> [Problem details]:
Within the records that follow, restate exactly the lines from the line with "Der Motor ist" down to the line with "前日の2月13日に総務部長と広報担当社員が施設を訪問しギフトをお届けしました。", including both. Omit the pictures.

> [Data for analysis]:
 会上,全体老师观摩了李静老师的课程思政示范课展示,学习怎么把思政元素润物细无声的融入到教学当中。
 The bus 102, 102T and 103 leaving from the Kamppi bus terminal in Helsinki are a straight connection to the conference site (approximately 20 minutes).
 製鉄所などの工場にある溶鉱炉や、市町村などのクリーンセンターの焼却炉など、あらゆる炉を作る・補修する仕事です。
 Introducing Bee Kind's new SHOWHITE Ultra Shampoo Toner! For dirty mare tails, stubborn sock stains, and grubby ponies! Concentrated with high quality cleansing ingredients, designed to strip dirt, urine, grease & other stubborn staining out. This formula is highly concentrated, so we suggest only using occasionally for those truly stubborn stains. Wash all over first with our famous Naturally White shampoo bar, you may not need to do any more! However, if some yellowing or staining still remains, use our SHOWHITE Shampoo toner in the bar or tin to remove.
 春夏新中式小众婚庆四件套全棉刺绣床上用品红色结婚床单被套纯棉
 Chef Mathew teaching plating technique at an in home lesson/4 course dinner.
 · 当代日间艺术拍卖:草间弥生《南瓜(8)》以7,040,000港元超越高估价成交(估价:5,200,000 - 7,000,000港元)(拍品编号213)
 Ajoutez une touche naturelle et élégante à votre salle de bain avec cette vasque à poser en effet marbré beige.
* * *
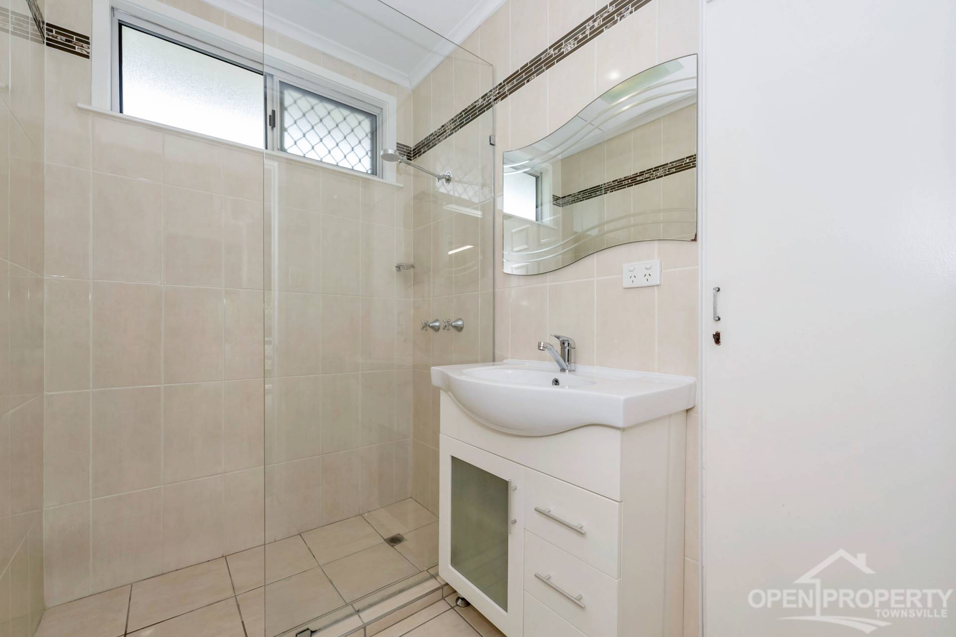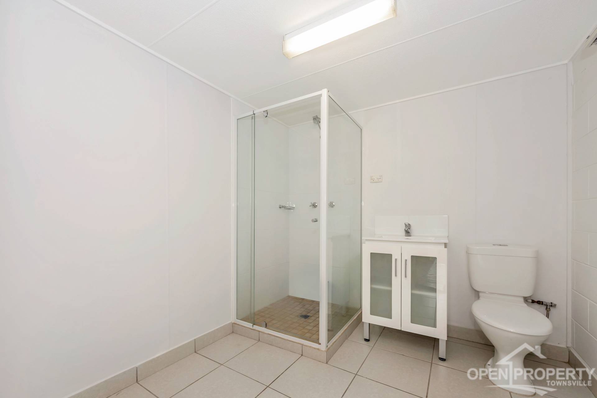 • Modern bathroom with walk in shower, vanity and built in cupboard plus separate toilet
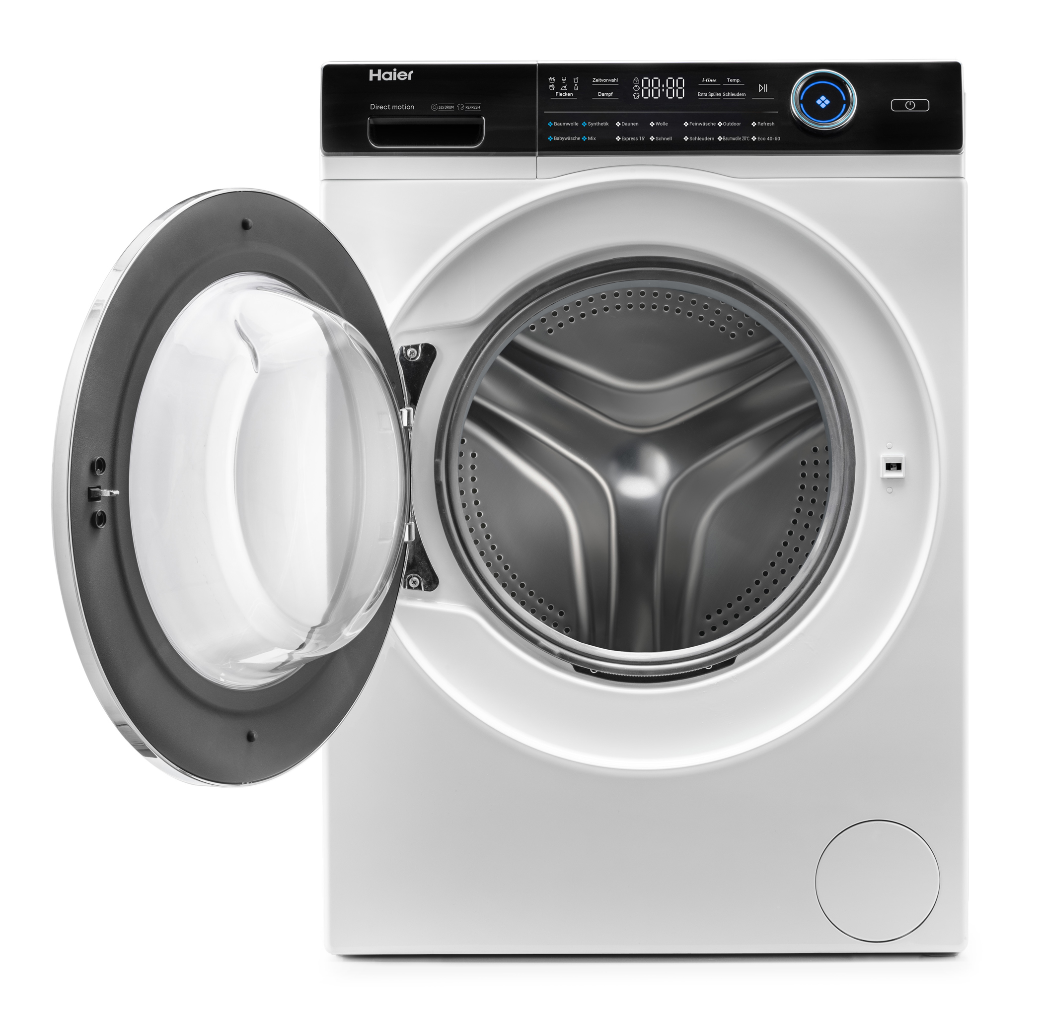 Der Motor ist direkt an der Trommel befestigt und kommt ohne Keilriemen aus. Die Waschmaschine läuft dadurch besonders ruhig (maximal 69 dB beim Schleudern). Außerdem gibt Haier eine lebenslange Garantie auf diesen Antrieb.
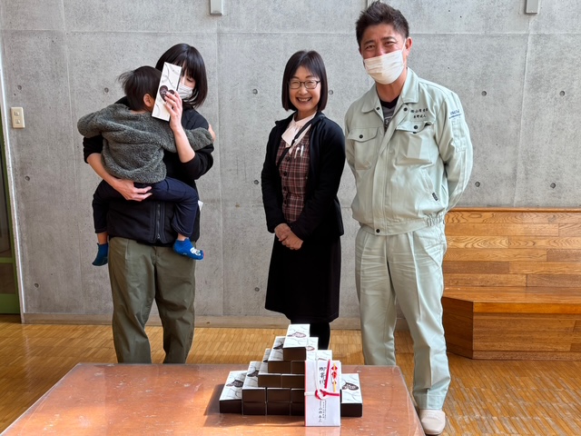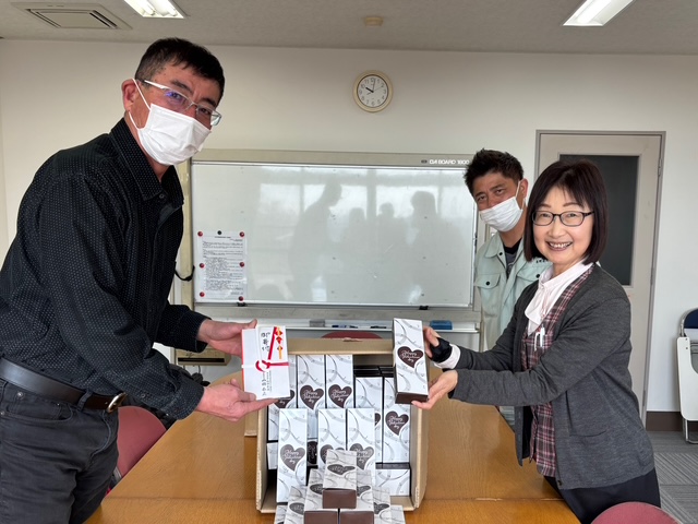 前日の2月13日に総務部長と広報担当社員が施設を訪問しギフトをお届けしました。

> [Result of the exercise]:
 Der Motor ist direkt an der Trommel befestigt und kommt ohne Keilriemen aus. Die Waschmaschine läuft dadurch besonders ruhig (maximal 69 dB beim Schleudern). Außerdem gibt Haier eine lebenslange Garantie auf diesen Antrieb.
 前日の2月13日に総務部長と広報担当社員が施設を訪問しギフトをお届けしました。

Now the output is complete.